昔の婚礼衣装 裾引き黒振袖の着付け

2015年11月20日


みなさま、こんにちは!

ただ今本決算赤札感謝市まっただ中のきもの館でござます。

今回は前回の続きで、じないまち交流館の二階で行われましたじないまちキモノ散歩のメインイベント「昔の婚礼衣装 裾引き黒振袖の着付けライブ」のご紹介をいたします。

 

花嫁衣装と言えば白無垢です。「嫁ぎ先の色に染まる」という純白のきもの姿が思い出されますが、今回の花嫁衣装は黒い引き振袖の花嫁姿です。
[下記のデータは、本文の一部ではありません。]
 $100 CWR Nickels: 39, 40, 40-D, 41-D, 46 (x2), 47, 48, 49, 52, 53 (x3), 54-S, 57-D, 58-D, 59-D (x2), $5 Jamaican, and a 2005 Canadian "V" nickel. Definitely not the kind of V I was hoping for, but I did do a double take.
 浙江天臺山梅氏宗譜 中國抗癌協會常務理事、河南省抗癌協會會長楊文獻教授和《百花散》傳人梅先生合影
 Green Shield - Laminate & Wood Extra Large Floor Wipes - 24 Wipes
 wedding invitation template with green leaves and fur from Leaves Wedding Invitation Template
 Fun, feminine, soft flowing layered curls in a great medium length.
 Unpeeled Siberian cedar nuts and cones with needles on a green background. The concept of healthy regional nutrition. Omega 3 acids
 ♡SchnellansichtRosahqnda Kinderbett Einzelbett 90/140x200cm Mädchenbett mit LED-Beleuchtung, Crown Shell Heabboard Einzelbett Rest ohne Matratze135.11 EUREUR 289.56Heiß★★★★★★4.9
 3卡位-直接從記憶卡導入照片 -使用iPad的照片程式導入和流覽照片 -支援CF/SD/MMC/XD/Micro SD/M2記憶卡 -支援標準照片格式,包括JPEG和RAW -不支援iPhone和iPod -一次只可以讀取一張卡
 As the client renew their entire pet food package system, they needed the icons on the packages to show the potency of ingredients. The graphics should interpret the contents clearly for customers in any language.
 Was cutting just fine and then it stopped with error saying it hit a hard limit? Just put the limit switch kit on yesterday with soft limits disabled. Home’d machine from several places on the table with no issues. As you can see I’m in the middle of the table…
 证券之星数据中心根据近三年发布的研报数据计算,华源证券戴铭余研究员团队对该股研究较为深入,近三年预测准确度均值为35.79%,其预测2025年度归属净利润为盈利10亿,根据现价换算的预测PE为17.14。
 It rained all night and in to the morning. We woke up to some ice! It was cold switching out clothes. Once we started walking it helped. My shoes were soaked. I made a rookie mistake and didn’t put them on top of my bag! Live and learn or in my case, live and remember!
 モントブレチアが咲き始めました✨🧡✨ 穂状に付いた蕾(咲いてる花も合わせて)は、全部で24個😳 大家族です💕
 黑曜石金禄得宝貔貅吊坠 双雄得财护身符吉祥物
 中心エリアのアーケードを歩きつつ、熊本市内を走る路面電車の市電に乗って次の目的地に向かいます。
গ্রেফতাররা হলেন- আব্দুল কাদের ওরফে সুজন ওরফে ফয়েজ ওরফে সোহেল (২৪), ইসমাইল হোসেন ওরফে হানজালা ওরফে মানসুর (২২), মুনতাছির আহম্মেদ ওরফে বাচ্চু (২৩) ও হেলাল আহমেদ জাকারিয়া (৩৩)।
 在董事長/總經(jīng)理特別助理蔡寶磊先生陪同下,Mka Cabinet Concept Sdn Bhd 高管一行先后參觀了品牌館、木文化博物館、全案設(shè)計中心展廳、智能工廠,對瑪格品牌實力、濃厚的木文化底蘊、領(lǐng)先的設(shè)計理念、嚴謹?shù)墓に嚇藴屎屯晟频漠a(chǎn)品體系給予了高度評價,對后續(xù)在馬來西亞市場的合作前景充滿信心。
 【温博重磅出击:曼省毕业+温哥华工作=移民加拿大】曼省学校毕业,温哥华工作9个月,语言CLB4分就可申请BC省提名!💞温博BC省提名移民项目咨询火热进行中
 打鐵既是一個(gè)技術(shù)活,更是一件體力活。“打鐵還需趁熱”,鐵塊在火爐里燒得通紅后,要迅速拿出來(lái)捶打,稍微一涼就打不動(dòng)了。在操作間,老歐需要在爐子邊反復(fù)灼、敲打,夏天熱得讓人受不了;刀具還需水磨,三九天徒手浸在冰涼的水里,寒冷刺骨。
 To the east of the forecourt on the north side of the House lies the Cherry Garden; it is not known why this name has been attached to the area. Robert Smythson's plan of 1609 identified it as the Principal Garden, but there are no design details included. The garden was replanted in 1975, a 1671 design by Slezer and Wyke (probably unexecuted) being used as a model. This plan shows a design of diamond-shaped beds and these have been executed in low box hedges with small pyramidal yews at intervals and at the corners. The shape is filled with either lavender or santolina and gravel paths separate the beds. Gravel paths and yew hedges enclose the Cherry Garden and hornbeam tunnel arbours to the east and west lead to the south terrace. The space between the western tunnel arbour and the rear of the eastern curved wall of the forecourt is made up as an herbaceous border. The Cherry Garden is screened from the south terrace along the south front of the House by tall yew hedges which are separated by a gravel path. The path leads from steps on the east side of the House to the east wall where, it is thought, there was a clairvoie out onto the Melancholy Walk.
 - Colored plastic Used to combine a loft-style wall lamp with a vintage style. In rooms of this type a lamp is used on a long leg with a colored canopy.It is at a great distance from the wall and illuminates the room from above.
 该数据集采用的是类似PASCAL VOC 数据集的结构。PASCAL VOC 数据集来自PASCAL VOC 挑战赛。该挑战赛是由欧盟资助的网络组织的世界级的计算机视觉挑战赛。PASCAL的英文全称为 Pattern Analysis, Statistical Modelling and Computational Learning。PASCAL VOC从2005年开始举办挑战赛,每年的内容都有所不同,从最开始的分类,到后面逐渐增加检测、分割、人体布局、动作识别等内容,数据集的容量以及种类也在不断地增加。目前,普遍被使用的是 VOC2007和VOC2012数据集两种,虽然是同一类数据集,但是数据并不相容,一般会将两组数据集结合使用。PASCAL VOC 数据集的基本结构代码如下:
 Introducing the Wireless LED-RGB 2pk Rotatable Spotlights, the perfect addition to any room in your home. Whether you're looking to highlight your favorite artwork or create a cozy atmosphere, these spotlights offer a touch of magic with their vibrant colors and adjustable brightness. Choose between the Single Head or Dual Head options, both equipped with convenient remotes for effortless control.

黒い色は「あなた以外の色には染まりません」という意味合いがあるのだそうです。近頃は引き振袖がお洒落で人気というのを耳にしたことがあります。今回は大正から昭和初期にかけての寺内町での婚礼の様子をビデオで見て頂き、その後実際に花嫁化粧、角隠しと引き振袖の着付けを解説をして頂きながら実演して頂きました。婚礼の日、家でお支度をした花嫁さんが正装をしたご親族と共に嫁ぎ先へ向かい結婚式を挙げる様子を寺内町で2年前に再現されています。

↓↓↓動画コチラ

じないまち花嫁行列

そうです。花嫁のご両親役は箱田さんご夫婦です。この動画で着付けをされている方が今回解説をして下さったのですが、実際に数年前に家で花嫁支度をして婚礼を挙げられたおうちがあったそうです。花嫁出発の頃にご近所の方が表に見送りに出て来られてお父様が皆さんにご挨拶をされたのだそうです。そしてその次に花嫁さんも「私が嫁いだ後は父と母のふたりになります。皆さまどうぞ父と母をよろしくお願いします。」とご挨拶されたそうです。地域ぐるみのお付き合いがうかがえる素敵なエピソードです。

 

さて、早速婚礼支度をご覧いただきましょう。日本髪をつけて水化粧されたお姿からスタートです。モデルは前回ご紹介しました通り箱田さんのお嬢さんです。司会は中林寝具店の中林さんです。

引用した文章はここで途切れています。